* **Entries supplied**:
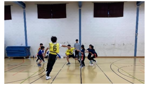
チームの作戦を試す

単元の初めには、子どもたちと学習のゴールを共有しています。そのゴールから逆算して、どのような練習や時間が必要なのかを話題にして、単元の計画を立てていきます。
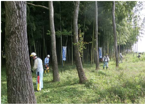
里山林・竹林の整備
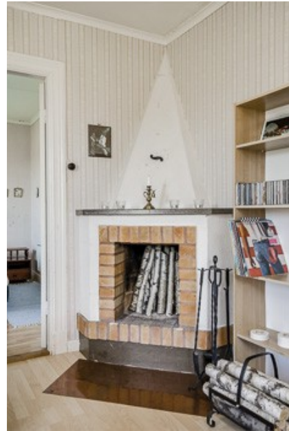
offener Kamin im Fernsehzimmer
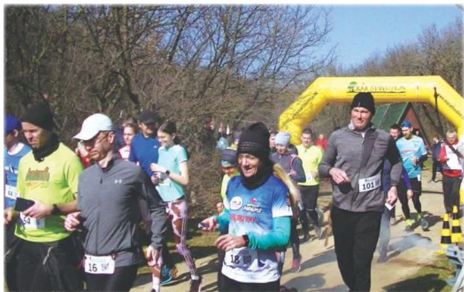
A Marathon Tömegsport és Környezetvédő Egyesületünk 2023. március 4-én rendezte az 53. Péti Terepfutóversenyt.
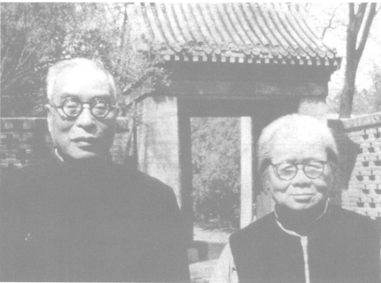
1973年，冯友兰夫妇在三松堂寓所前。
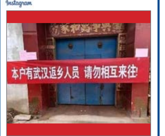
علامت گذاری خانه مبتلایان به ویروس کرونا در چین! در چین مقابل خانههایی که ساکنانش ویروس کرونا دارند این پارچه قرمز نصب شده و رفت و آمد به این خانهها ممنوع است.
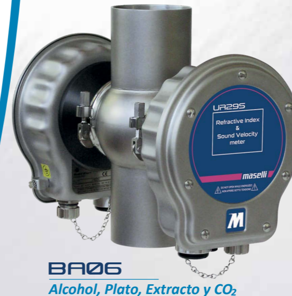
BA06 Alcohol, Plato, Extracto y CO 2
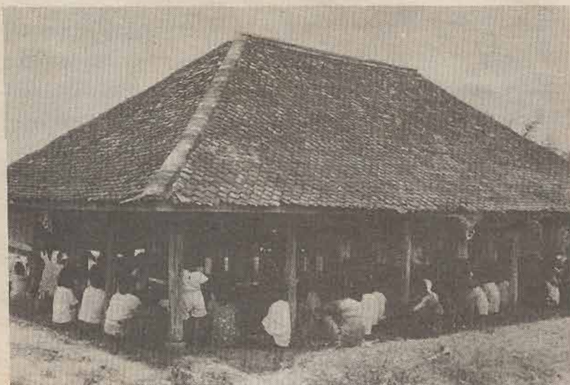
๕๒ รุสมิแล
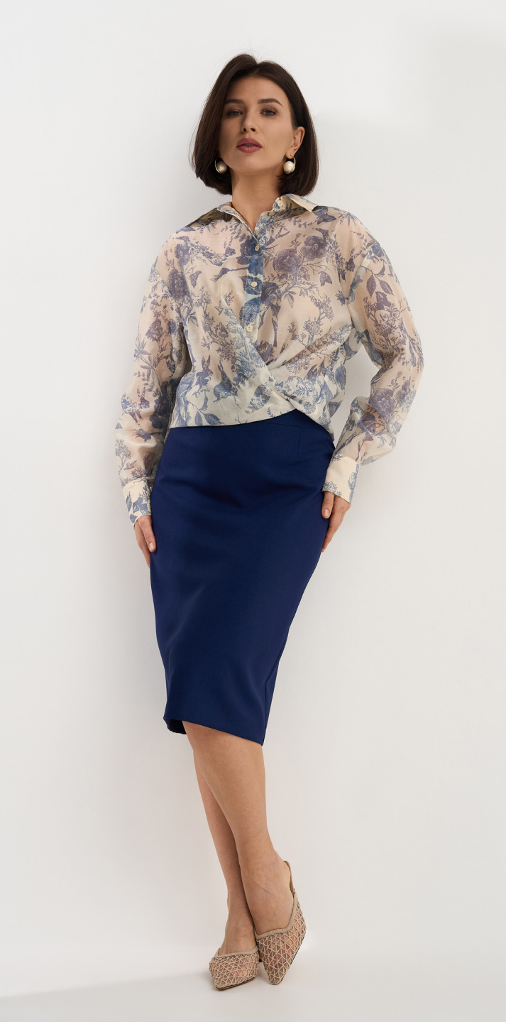
Блузка 6-457,7065-8v Блузка свободного кроя. / 44-54 /
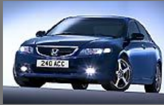
Honda Accord 2.0 Sport

Ultima edición por Toledano el Fri Jul 02, 2004 8:18 am, editado 1 vez
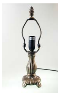
13 711 00 Zink Fuß 328 28,0 cm mit Elektrik Zinc base 328 11,0" wired
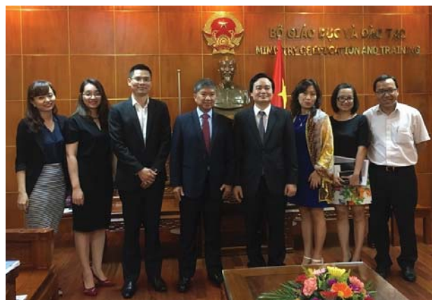
Cuộc họp với Bộ trưởng Bộ Giáo dục và Đào Tạo Phùng Xuân Nhạ, tháng 6 năm 2016 tại Hà Nội

Phó Thủ tướng và Bộ trưởng Bộ Giáo dục và Đào tạo đều thể hiện sự ủng hộ và quan tâm với đề xuất thành lập Trường Đại học Quốc tế Pegasus và hy vọng các dự án đầu tư giáo dục của Tập đoàn Giáo dục KinderWorld ngày càng phát triển hơn nữa.
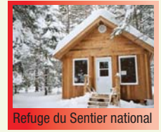
Refuge du Sentier national
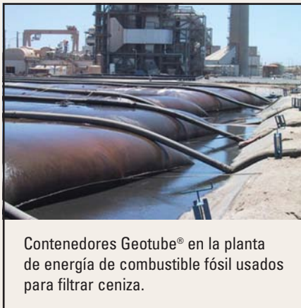
Contenedores Geotube® en la planta de energía de combustible fósil usados para filtrar ceniza.

La tecnología de filtración Geotube® confina confiablemente la ceniza, previniendo que partículas contaminantes vuelen por efecto del viento en los patios de cenizas. La ceniza puede ser entonces usada para aplicaciones como base de carpeta asfáltica, o hasta para construir los terraplenes alrededor de las lagunas para incrementar su capacidad. En muchas de las aplicaciones de ceniza, no hay necesidad de añadir polímero al proceso de filtración, haciéndolo sencillo y accesible.
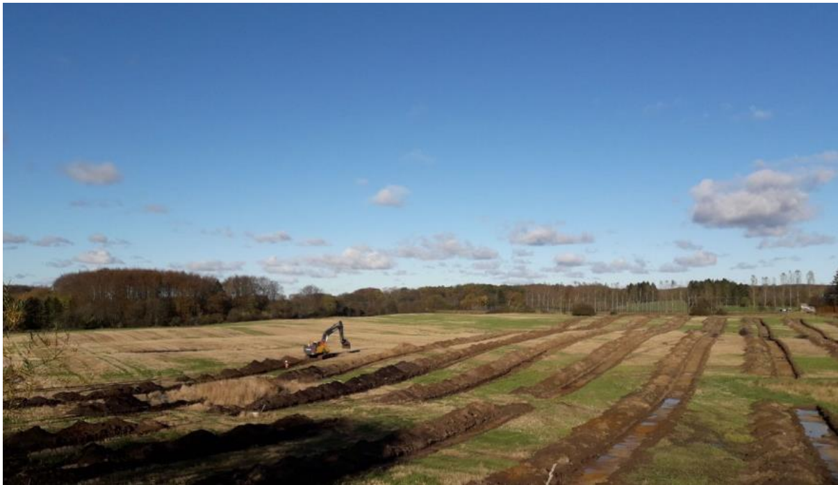
Lange søgegrøfter ved Nysøgård.
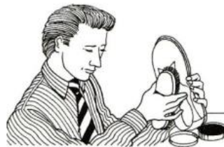
He is cleaning his shoes.
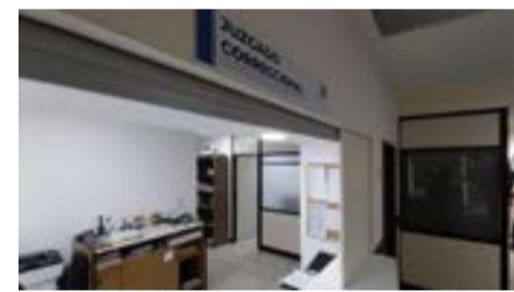
El Juzgado Correccional de Río Grande dictó 4 sentencias mediante el instituto de Omisión de Debate.

Tras una discusión de índole religiosa, el hombre agredió a la mujer y a su hijo, cuando éste último intercedió en defensa de la víctima.
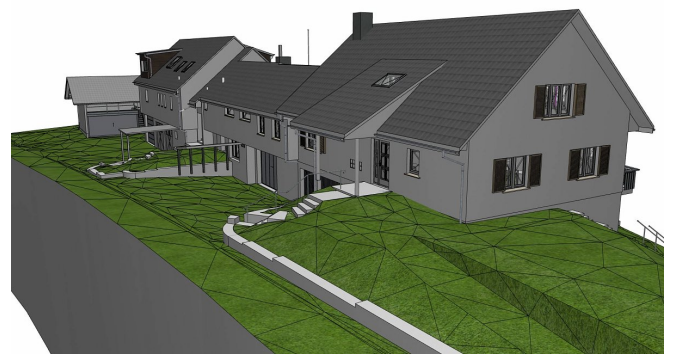
3D-Modell - Sicht von der Strasse

* **Exercise directions**:
Omit the pictures, then set down all the remaining data exactly as given.

* **Answer area**:
チームの作戦を試す

単元の初めには、子どもたちと学習のゴールを共有しています。そのゴールから逆算して、どのような練習や時間が必要なのかを話題にして、単元の計画を立てていきます。
里山林・竹林の整備
offener Kamin im Fernsehzimmer
A Marathon Tömegsport és Környezetvédő Egyesületünk 2023. március 4-én rendezte az 53. Péti Terepfutóversenyt.
1973年，冯友兰夫妇在三松堂寓所前。
علامت گذاری خانه مبتلایان به ویروس کرونا در چین! در چین مقابل خانههایی که ساکنانش ویروس کرونا دارند این پارچه قرمز نصب شده و رفت و آمد به این خانهها ممنوع است.
BA06 Alcohol, Plato, Extracto y CO 2
๕๒ รุสมิแล
Блузка 6-457,7065-8v Блузка свободного кроя. / 44-54 /
Honda Accord 2.0 Sport

Ultima edición por Toledano el Fri Jul 02, 2004 8:18 am, editado 1 vez
13 711 00 Zink Fuß 328 28,0 cm mit Elektrik Zinc base 328 11,0" wired
Cuộc họp với Bộ trưởng Bộ Giáo dục và Đào Tạo Phùng Xuân Nhạ, tháng 6 năm 2016 tại Hà Nội

Phó Thủ tướng và Bộ trưởng Bộ Giáo dục và Đào tạo đều thể hiện sự ủng hộ và quan tâm với đề xuất thành lập Trường Đại học Quốc tế Pegasus và hy vọng các dự án đầu tư giáo dục của Tập đoàn Giáo dục KinderWorld ngày càng phát triển hơn nữa.
Refuge du Sentier national
Contenedores Geotube® en la planta de energía de combustible fósil usados para filtrar ceniza.

La tecnología de filtración Geotube® confina confiablemente la ceniza, previniendo que partículas contaminantes vuelen por efecto del viento en los patios de cenizas. La ceniza puede ser entonces usada para aplicaciones como base de carpeta asfáltica, o hasta para construir los terraplenes alrededor de las lagunas para incrementar su capacidad. En muchas de las aplicaciones de ceniza, no hay necesidad de añadir polímero al proceso de filtración, haciéndolo sencillo y accesible.
Lange søgegrøfter ved Nysøgård.
He is cleaning his shoes.
El Juzgado Correccional de Río Grande dictó 4 sentencias mediante el instituto de Omisión de Debate.

Tras una discusión de índole religiosa, el hombre agredió a la mujer y a su hijo, cuando éste último intercedió en defensa de la víctima.
3D-Modell - Sicht von der Strasse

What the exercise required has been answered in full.